Yasmani Grandal: He was seen taking batting practice off Dallas Keuchel Wednesday. Daryl Van Schouwen just provided an update.

Grandal said the calf, which he injured about two weeks before the start of spring training while running, is not sore, but tests show it’s not 100 percent.

“That’s the problem,” Grandal said. “We want to get it sore and we can’t. So we’ve been hammering it out as much as we can and trying to see if I get tired or get sore.”

… followed by two new ones:

Jace Fry: We’d heard plenty about Aaron Bummer, but little about the White Sox bullpen’s presumed second lefty. It turns out he’s been dealing with a sore back, but he hopes to get back on the mound by the end of the week.

Edwin Encarnación: He was scratched from Thursday’s game with a stiff back, which opened a temporary spot for Nicky Delmonico, and theoretically clears a pathway for Yermínmentum! to build inertia.

* * * * * * * * *

Keith Law left Nick Madrigal off his top 100 prospects list, and also off his roundup of honorable mentions, making him an extreme outlier in a community that otherwise locked Madrigal in their top 50s.

Law eventually got around to writing up Madrigal with his top 10 White Sox prospects list, but just like Madrigal’s strike zone, it’s still lower than you think. His list is the first to slot Madrigal fifth, one behind Jonathan Stiever.

The rationale:

Madrigal never strikes out — his strikeout rate last year was just 3 percent, less than half of that of the second-hardest minor leaguer to strike out, No. 1 overall prospect Wander Franco — but the tradeoff is that he’s a singles hitter who struggles to get his isolated power figure over .100. He’s an above-average runner and plays solid defense at second base. I think he’s a longtime big leaguer, but he has to hit well over .300 to be more than just an average regular, and major-league pitchers are going to attack him in the zone because he doesn’t pose any threat of power.
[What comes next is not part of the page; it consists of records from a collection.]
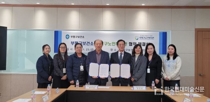 한국현대미술신문 박재남 기자 | 부평구노인복지관과 부평구보건소는 1월 23일, 보건소 소강당에서 노인일자리 및 사회활동지원사업으로 운영되는 ‘금연도우미’ 사업단의 효과적이고 원활한 추진을 위해 상호 지원 업무협약을 체결했다고 밝혔다.
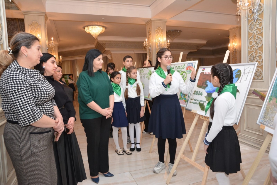 Sonra ətraf mühitin qorunmasına dair şagirdlərin çəkdikləri rəsm və əl işlərinə baxış keçirilib.
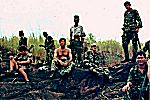 Nuvem de gotículas de água provocada pelos rápidos e Quedas Guilherme, no rio Cuango, entre o Zaire e Angola. Ao longe, uma povoação e base militar zairense.
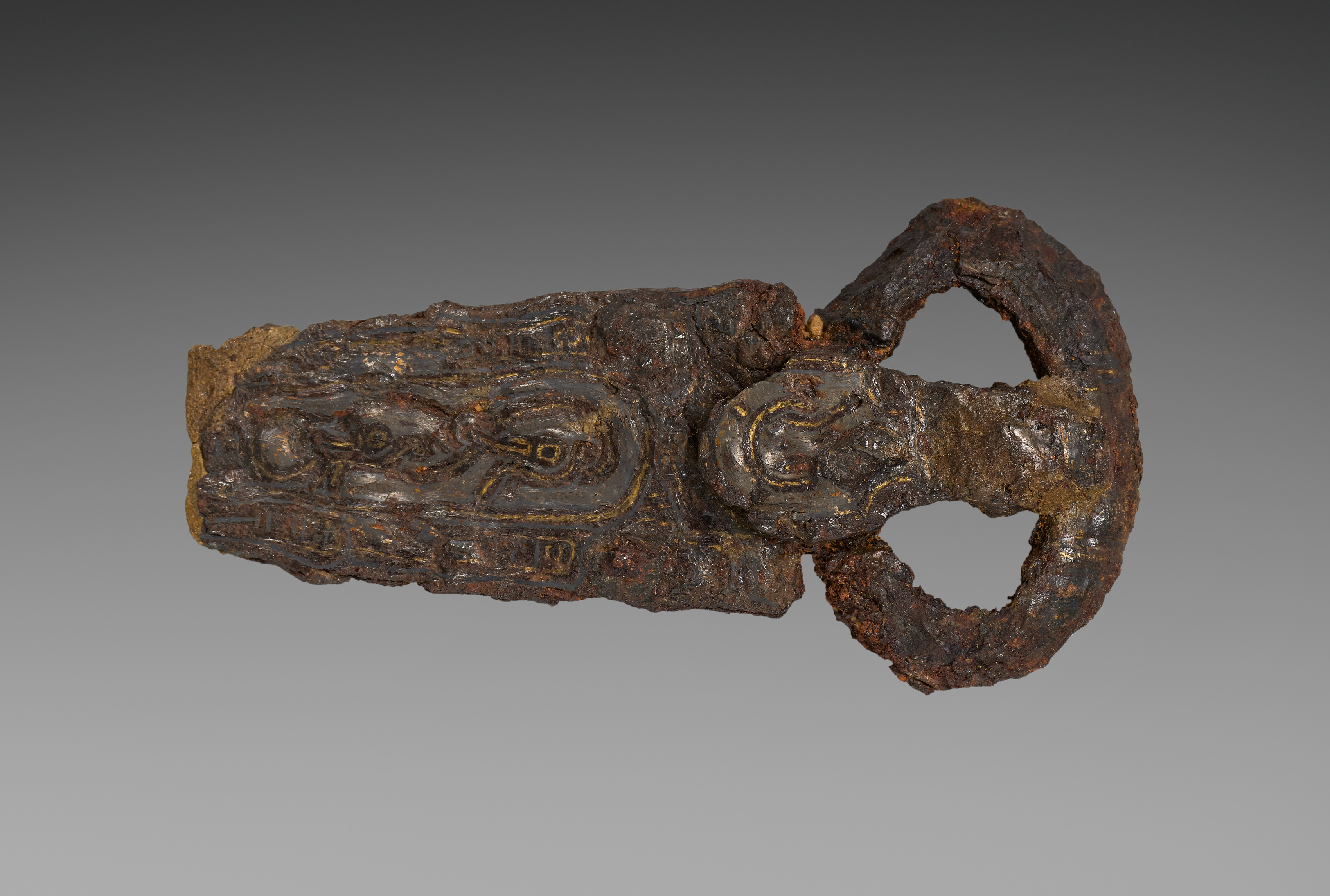 The object is a buckle, specifically a tongue, loop, and clasp type. The buckle is made of metal, likely bronze or copper, and has a dark brown patina with visible signs of wear and tear. It features a rectangular plate with a raised design on its surface. The design appears to be a stylized pattern, possibly floral or geometric. The buckle has a tongue or prong on one end and a loop on the other, which is likely where the strap or belt would attach. The buckle's surface is rough and corroded, suggesting age and use. The background of the image is a gradient gray, which helps to highlight the details of the buckle. The artist of the buckle is not visually identifiable from the image. The buckle is presented against a plain background, with no other objects or context provided.
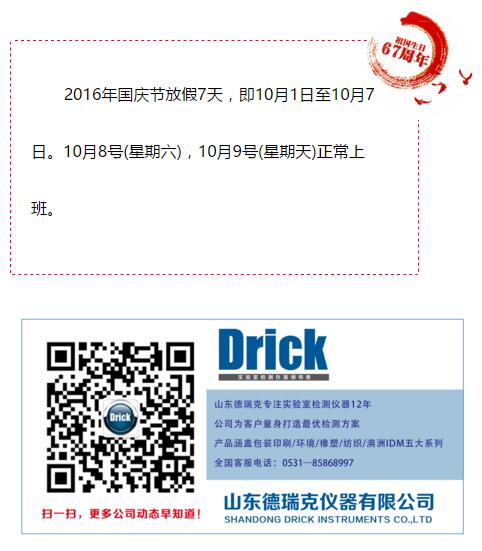 山東德瑞克2016年國慶節(jié)放假通知

This doesn’t necessarily strike me as disrespect for Madrigal’s game, but rather that Madrigal is an extreme example of the primary tension underneath prospect lists, especially ones that prioritize upside. Madrigal seems likely to have a top-30 career out of that prospect list, but that’s not what these lists really measure. Otherwise, you’d probably see Danny Mendick ahead of Andrew Dalquist. Madrigal poses an issue because his floor is very high, but his ceiling doesn’t offer much clearance. If you think Madrigal is a 2 WAR second baseman at heart, those guys are available on minor-league contracts.

I think Madrigal is weird enough at the plate, and effective enough in other facets of his game, to be more than that. But I can appreciate the value in imagining an underwhelming outcome, then reverse engineering how it got there in order to strain the sentiment from the mix.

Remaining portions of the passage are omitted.